For the first time all night, Sweden’s back line switched off, and Tunisia punished them. At 2-1, the mood shifted. The African side jogged into the tunnel with a sliver of belief, the goal giving their supporters something to cling to.

It did not last long.

Isak’s press breaks Tunisia

Sweden emerged for the second half with the same aggression, and by the 59th minute, the contest was effectively over.

Again, Isak stood at the heart of it. He chased what looked a routine situation for Tunisia, harrying captain Ellyes Skhiri on the edge of the box. Panic followed. Skhiri’s touch deserted him, the ball spilling loose in a disastrous moment of hesitation.

It dropped perfectly for Viktor Gyokeres. The Arsenal forward steadied himself and finished with icy composure, sliding the ball home to restore Sweden’s two-goal cushion. One touch, one strike, 3-1.

That goal broke more than just the scoreline. It broke Tunisia’s resistance.

Sweden start to swagger

With the result now firmly in their grasp, Sweden relaxed and began to play like genuine contenders.

Passes zipped. Rotations in midfield pulled Tunisia apart. Isak drifted between the lines, always available, always dangerous. Every Swedish attack felt like it might end with another blow.

The fourth goal arrived from the bench.

Mattias Svanberg had barely stepped onto the pitch when he found himself in the right place at the right time. A clever, subtle flick from Isak inside the area wrong-footed the defence and nudged the ball into Svanberg’s path. He reacted instantly, turning it home from close range.

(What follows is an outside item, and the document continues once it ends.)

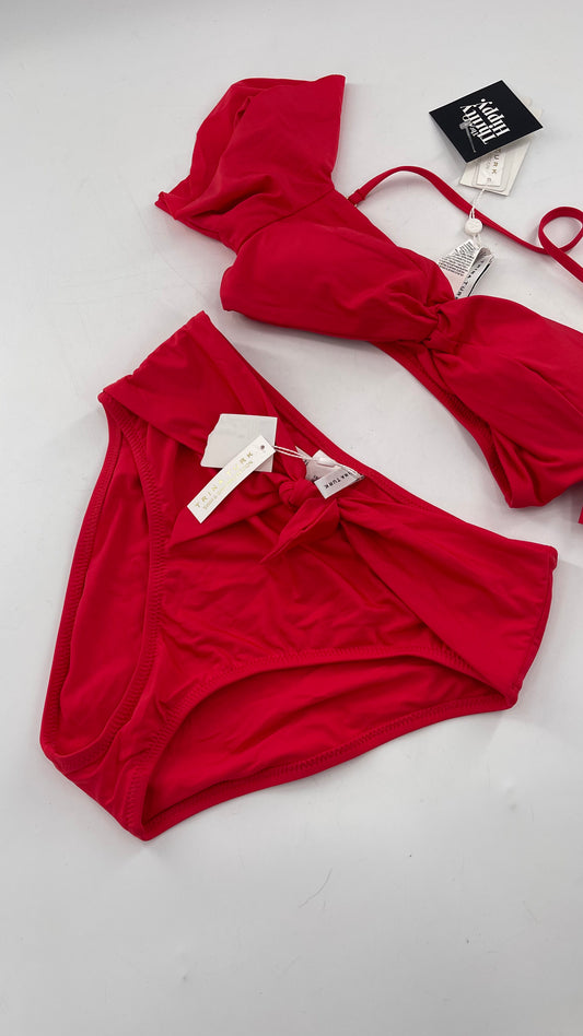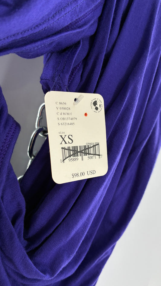 Free People 2 Piece Cobalt Purple Ruched Tank+ Cut Out Hip Strap Detail Flared Bottoms Set (Small)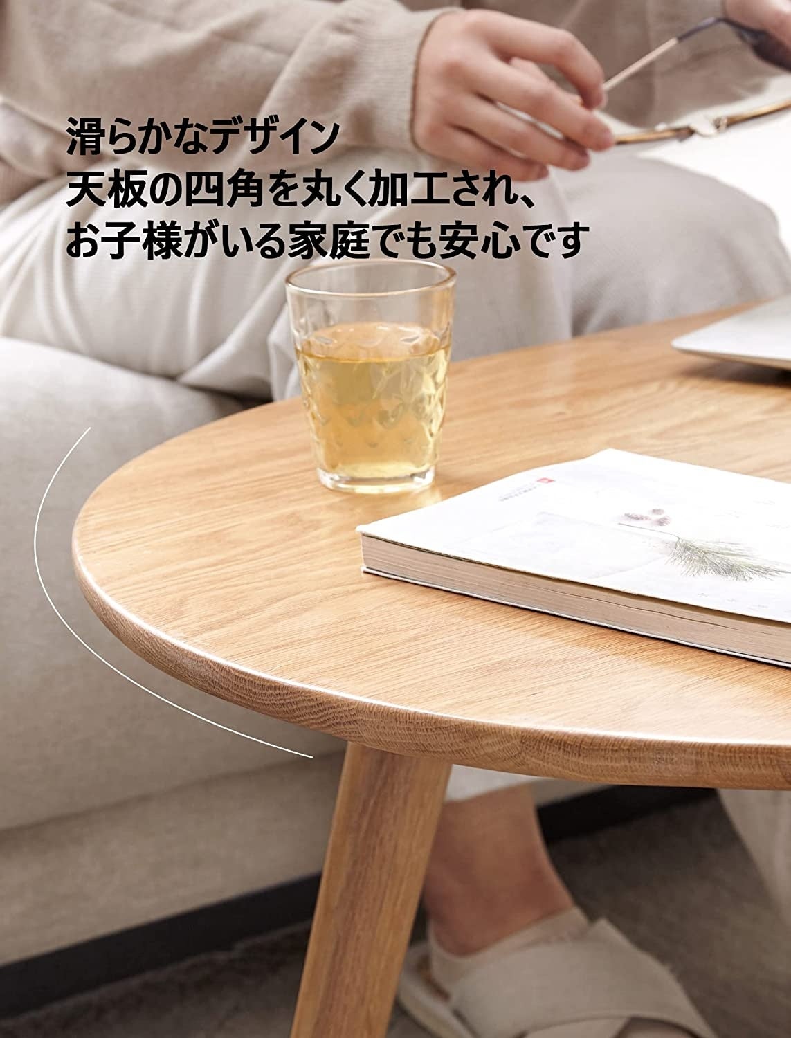 このロールテーブルは天板の四角を丸く加工され、デスクトップも鋭いエッジのない滑らかで繊細な仕上げにし、 全体的に楕円形のデザインになっています。子供がいる家でもご安心して利用いただけます。天板は厚さのある一枚板でできていて、普通の突板テーブルより頑丈で重厚感があり、耐久性に優れています。しっかりとした四つの斜め脚、全方向の安定性を確保します。それに、 傷つき防止フェルト付きなので、床などに傷をつける心配もありません。

The assistant’s flag went up, but the celebration only paused. VAR replays showed that Isak’s touch had actually played Svanberg onside. Decision overturned. 4-1, and Tunisia sinking fast.

Ayari finishes the rout

Sweden were not finished.

Deep into stoppage time, Tunisia’s defending disintegrated completely. A loose ball dropped invitingly in the area, and Ayari reacted quicker than anyone. One sharp step, one clean strike, and his second of the night ripped into the net.

A 5-1 scoreline told the story plainly: Sweden ruthless, Tunisia overwhelmed.

Group F blown open

The result sends Sweden straight to the top of Group F, three points clear after the Netherlands and Japan cancelled each other out in their opener. Graham Potter’s side now carry the look – and the swagger – of a team ready to go deep into this tournament.

Next comes a very different kind of test: the Netherlands on June 20. A side stung by two dropped points and desperate to reassert themselves against the new group leaders.

Tunisia, by contrast, stand on the brink. Their margin for error has vanished. They must regroup, quickly, and find a way past Japan on the same day or risk seeing their knockout ambitions fade before they ever truly began.